The required output is the run of lines from the one holding "Abstract Wooden Wall" through the final line of the listing, restated word for word, with no pictures.

● COLLECTED MATERIAL
────────────────────
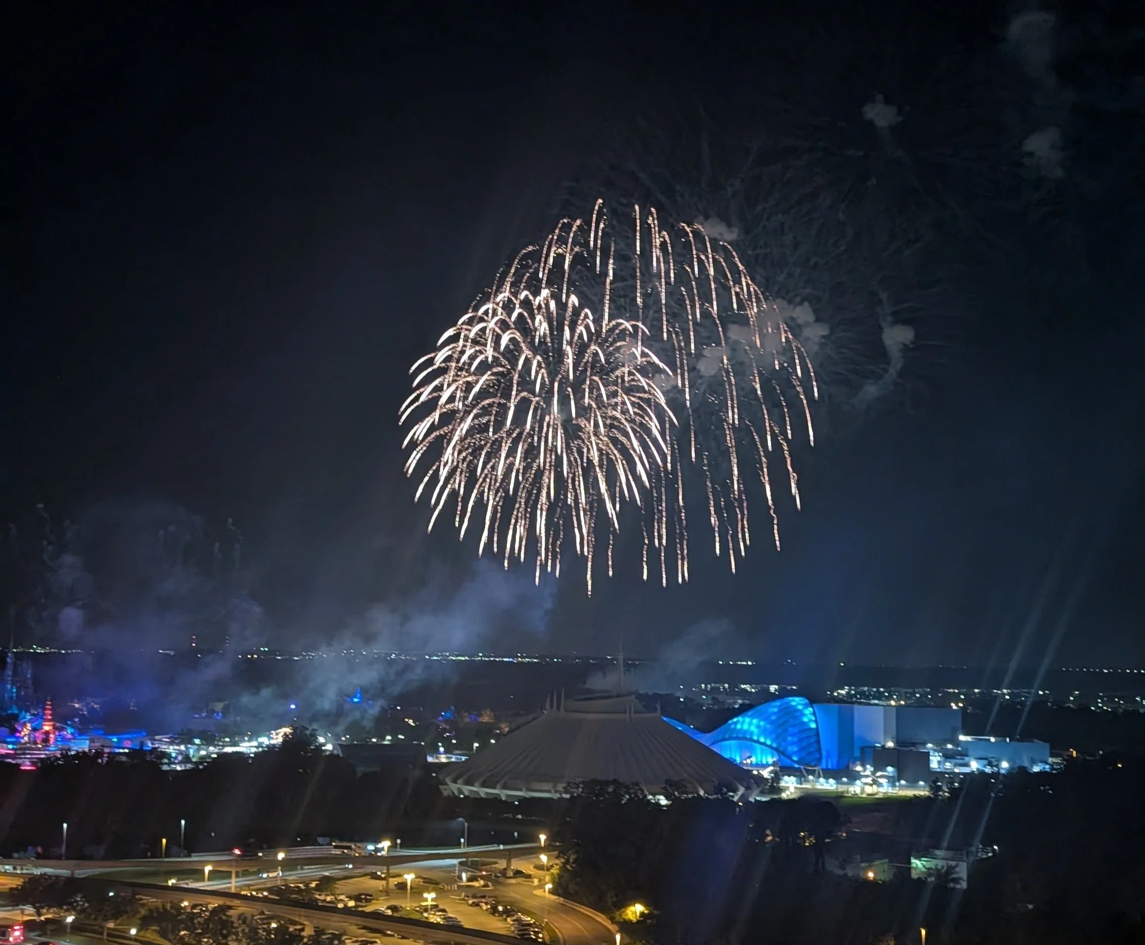 So speaking of the fireworks, this event is basically a dinner and a private deck to watch the fireworks from. However, we noticed that around 8:40 a number of groups who were not with the event went out onto the roof deck that was supposed to be reserved for just us. I assumed that close to the fireworks a cast member would go out there to move those people, but nope, nobody was monitoring who was going out there. We went out at 9:10 and were the first people from the event to go out (easy to see since we all had bright green wristbands), and all the spots along the far edge facing Seven Seas Lagoon were already taken by the people who didn’t pay for the event. This is something I do believe Disney should remedy since they clearly state on the event description that the viewing deck is private and only for those at the event. Fortunately, we recognized that the better view of the show would be on the end facing Bay Lake Tower rather than Seven Seas Lagoon, so we grabbed our spot there and had a perfect view of the fireworks.
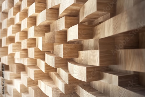 Abstract Wooden Wall with Interlocking Cubes and Curved Edges
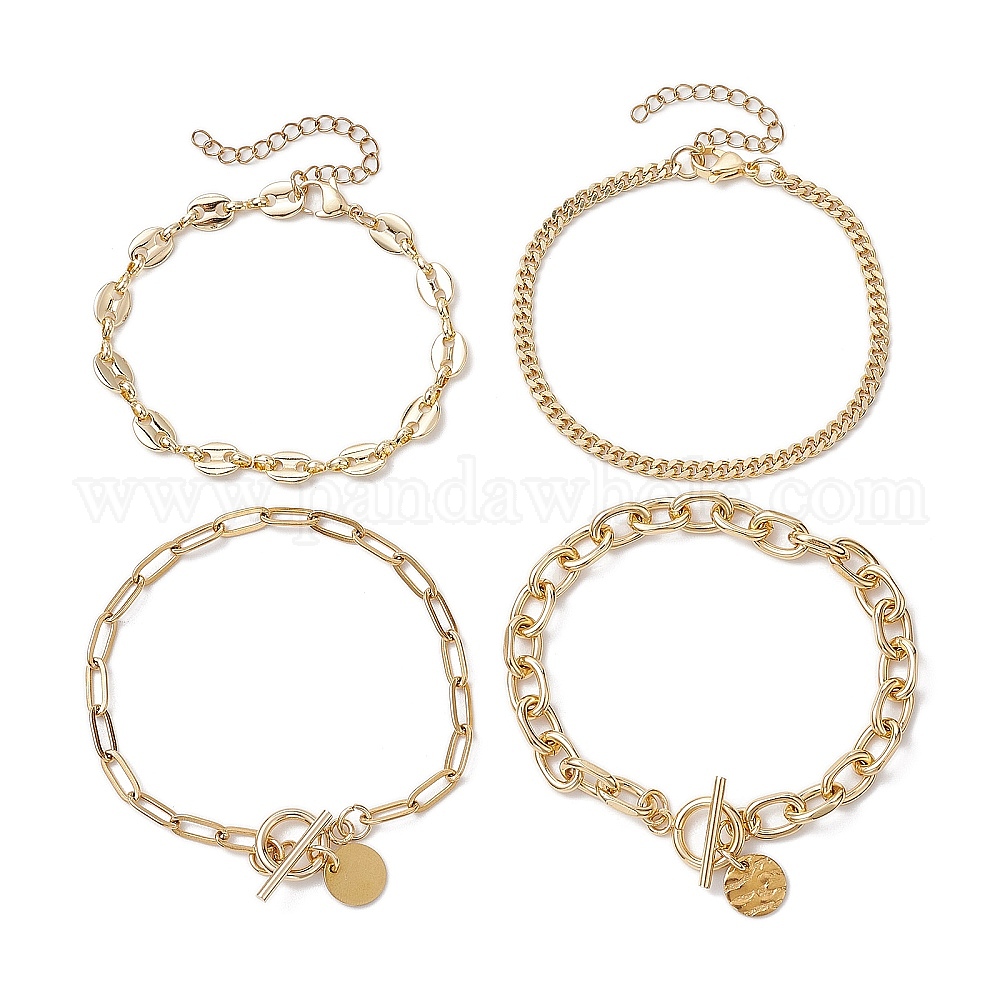 4 шт. 4 стили 304 браслеты-цепочки из нержавеющей стали и латуни (02XF6Q)
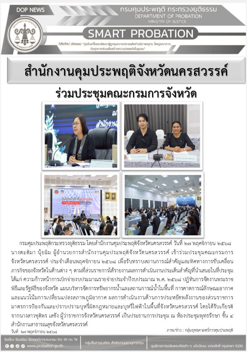 วันที่ 27 พฤศจิกายน 2568 นางตะติมา นุ้ยฉิม ผู้อำนวยการสำนักงานคุมประพฤติจังหวัดนครสวรรค์ เข้าร่วมประชุมคณะกรมการจังหวัดนครสวรรค์ ประจำเดือนพฤศจิกายน 2568 เพื่อรับทราบสถานการณ์สำคัญและทิศทางการขับเคลื่อนภารกิจของจังหวัดในด้านต่าง ๆ ตามที่ส่วนราชการได้รายงานผลการดำเนินงานประเด็นสำคัญที่นำเสนอในที่ประชุม ได้แก่ ความก้าวหน้าการเบิกจ่ายงบประมาณรายจ่ายประจำปีงบประมาณ พ.ศ. 2568 ปฏิทินการจัดงานพระราชพิธีและรัฐพิธีของจังหวัด แผนบริหารจัดการทรัพยากรน้ำและสถานการณ์น้ำในพื้นที่ การคาดการณ์ลักษณะอากาศและแนวโ
────────────────────
● EXERCISE ANSWER
 Abstract Wooden Wall with Interlocking Cubes and Curved Edges
 4 шт. 4 стили 304 браслеты-цепочки из нержавеющей стали и латуни (02XF6Q)
 วันที่ 27 พฤศจิกายน 2568 นางตะติมา นุ้ยฉิม ผู้อำนวยการสำนักงานคุมประพฤติจังหวัดนครสวรรค์ เข้าร่วมประชุมคณะกรมการจังหวัดนครสวรรค์ ประจำเดือนพฤศจิกายน 2568 เพื่อรับทราบสถานการณ์สำคัญและทิศทางการขับเคลื่อนภารกิจของจังหวัดในด้านต่าง ๆ ตามที่ส่วนราชการได้รายงานผลการดำเนินงานประเด็นสำคัญที่นำเสนอในที่ประชุม ได้แก่ ความก้าวหน้าการเบิกจ่ายงบประมาณรายจ่ายประจำปีงบประมาณ พ.ศ. 2568 ปฏิทินการจัดงานพระราชพิธีและรัฐพิธีของจังหวัด แผนบริหารจัดการทรัพยากรน้ำและสถานการณ์น้ำในพื้นที่ การคาดการณ์ลักษณะอากาศและแนวโ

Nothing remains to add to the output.